Letters to the Editor - February 2010


Robin Page’s observation (December) of the great spotted woodpecker becoming more common is correct.

In the last decade we have been feeding a pair of these woodpeckers and each year they have produced two young. We believe they are more common because they live off not only food put out for garden birds but they even have a supply of small tits to feed to their young.

I live not far from Wyre Forest and have over the years planted many different trees and shrubs, making it a good habitat for birds. Other landowners in the vicinity are also restoring traditional fruit orchards. The woodpeckers here have been making their marks everywhere, especially on old cherry and damson trees. How these trees still fruit is beyond us when the birds hollow out holes to the trees’ core.

I don’t really relish these birds living here as they do so much damage not only to bird houses and small birds but the telegraph pole, and the rustic oak bench is also getting pecked to bits. This last year so many tits have been viciously attacked by woodpeckers while on the food hangers.

Not only do woodpeckers go for the nuts but they enjoy chiselling away and eating fat balls; they can eat one large fat ball in a day. They don’t like to feed if humans are about but we watch from the window.

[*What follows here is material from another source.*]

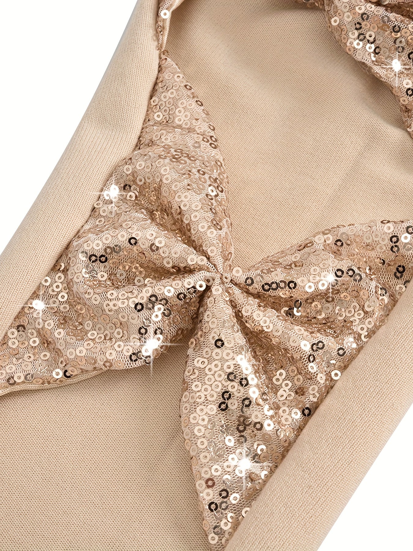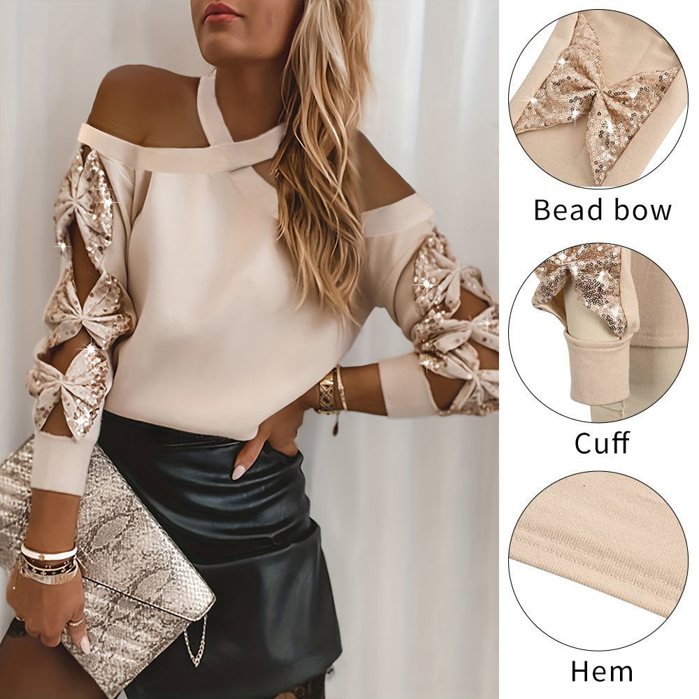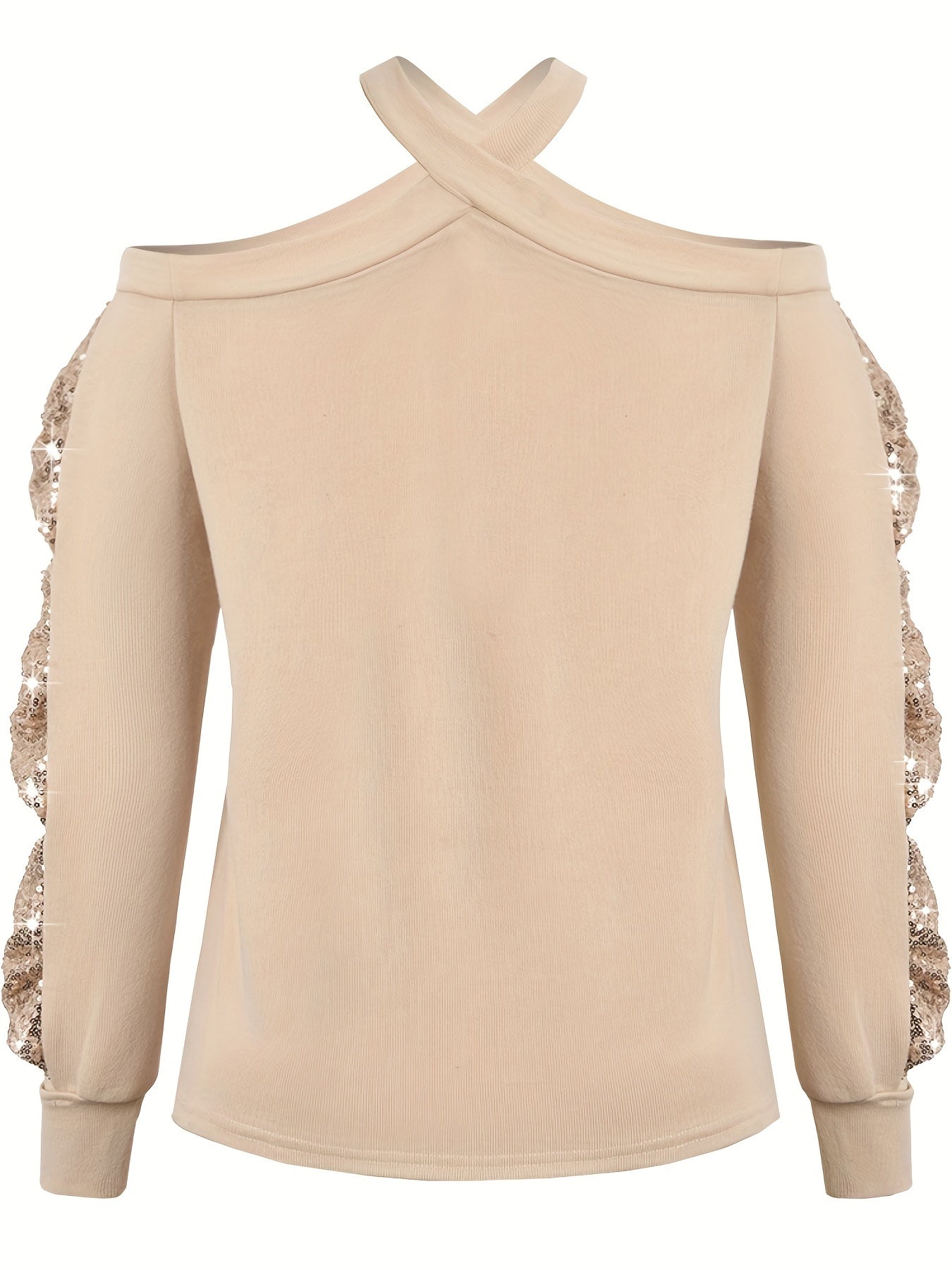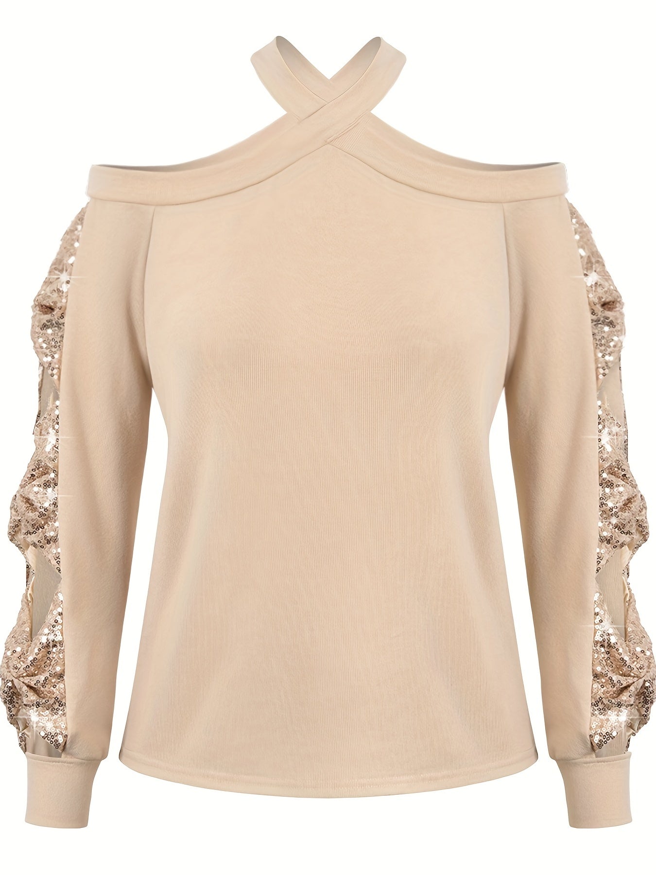 Sixsr Plus Size Sexy Top, Women's Plus Solid Sequin Decor Cold Shoulder Cut Out Long Sleeve Criss Cross Halter Neck Medium Stretch Top

In the breeding season they bring their young to the nursery on the front lawn where other young birds are brought. They feed their young with crumbs of bread, fat pellets and ground-up nuts. They are good parents, showing the young how to tap the lawn all over for insects to come up and how to climb the telegraph pole to drum for earwigs etc. Few predators attack them so they are successful.
H Wooldridge, Worcestershire


I was very interested in Kenneth Steven’s article ‘Hooligans of the hedgerow’ (December) about the robin. It brought back memories of two encounters I had.

The first was when I was working part-time at a local garden nursery. Something caught my attention and it was a minute or two before I realised what it was. A robin was dive-bombing something in the grass, and I was able to identify another robin lying prone. A colleague climbed over the fence into the field and rescued the robin, and we put it in a basket to recover. Sadly, it was too badly injured to survive.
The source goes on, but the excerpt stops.